We sat quietly. Takoda was crying gently. He was so adorable, even through the tears. I loved how he wasn’t afraid of looking tender and lonely. Takoda obviously missed his lover a lot.
“What was his name?” I asked.
“Rune,” he said.
“No, he was Swedish.”
“Well, you obviously have great taste in men,” I said. “I’m Swedish too, or so I was told.”
That got a grin.
“Okay, here’s what I want you to do. Take this yarn.”
He took it, and I closed his fingers around it.
“There are two pieces,” I told him. “One is you, and the other is Rune. Hold them as long as you want. I’ll be here all night if you want. When you’re ready to say Goodbye, untie the two pieces.”
“Silver string?” he said.
Takoda looked confused.
“I think this may be an old Native American ritual. The point is that Rune needs his freedom. He can’t go where he’s supposed to be while you hold on so tightly. You’ll always remember, but you have to let him go. When you untie the yarn, say Goodbye to Rune. The two pieces of yarn are in a knot, like you’re holding onto Rune. That’s been okay up to know, but you need to let him go. Lovingly, but you need to release Rune to go on.”
He was crying when I got up.
“Why silver?” he asked.
“Halfway between white and black. It isn’t good or bad. It isn’t on or off. It is what it is.”
He nodded. I really didn’t know why silver to tell you the truth, but Takoda didn’t need to know that.
“Remember everything you guys did together,” I said softly. “Remember the sights and sounds and smells. Be grateful for the time you had. Be happy. Be sad. Remember. It’s your last time together on this plane, but he needs his freedom. He needs your permission to move on and complete the cross over. You’ll always carry him in your heart… your memory… but Rune needs to move along. When you undo the knot, see Rune crossing over. It’s all mystical and wonderful in its own way. The knot is the symbol of you letting Rune continue what you both know he needs to do. It really is a wonderful experience. Take as much time as you need. A minute… an hour… all night… it’s up to you. When you and Rune are ready, untie the yarn and watch him rise into the light.”
Takoda nodded as he stared at the knotted yarn.
I quietly moved to the far side of the room as he sat quietly.
I sat on the floor against the far wall and let Takoda say farewell to his lover. He never moved. He’d smile and cry. He held the yarn tightly in a fist. Minutes became hours.

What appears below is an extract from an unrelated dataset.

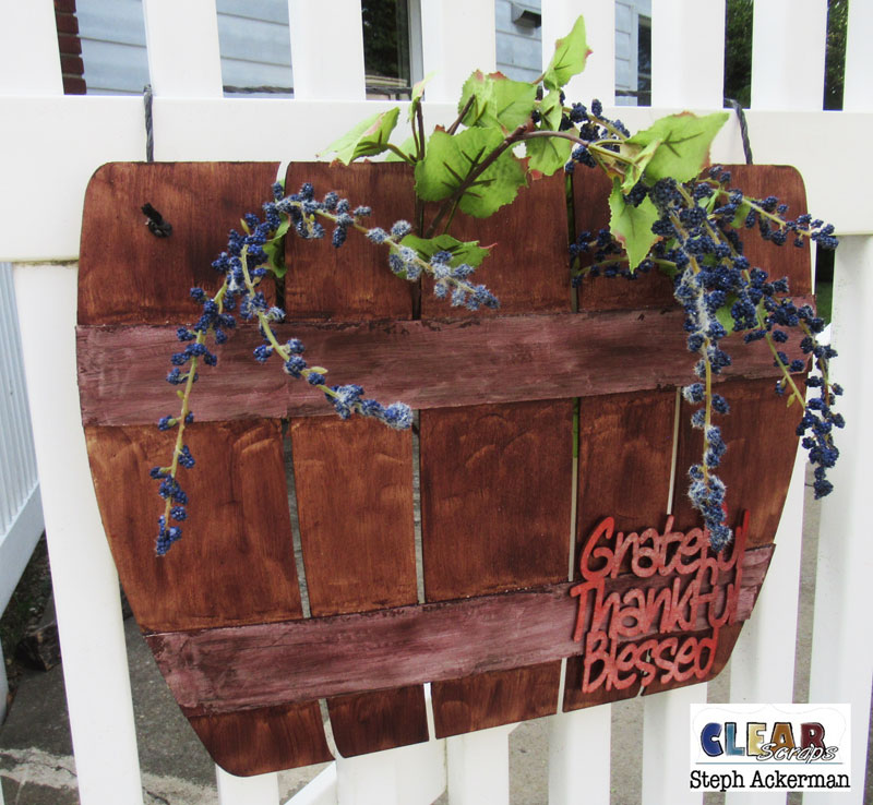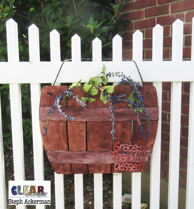 Hi everyone, Steph Ackerman here using the Whiskey Barrel DIY Pallet Shape and the Grateful XL Script Wood Quote.

The next thing I knew it was morning. I’d fallen asleep.
Takoda was gone. There were two separated pieces of yarn on the tarot table. He left me two hundred dollar bills and a note: “Thank you for letting the old ones speak through you. And loving from your heart.”
“Wow,” I said to the separated yarn as I put them into my alabaster box for cleaning. Two hundred dollars: the universe was in balance. Maybe Takoda understands about energy exchanges.
He’d put a blanket over me before he left, and he locked the front door on his way out.
“That was epic,” the universe seemed to say.
“Thanks, guys,” as I put the Morgan-Greer deck on top of the two separated yarn pieces in my alabaster box. The deck felt wonderful, so the box’s job of scrubbing would be simple. I could almost use the deck as-is, but I didn’t want to cross-pollinate my readings.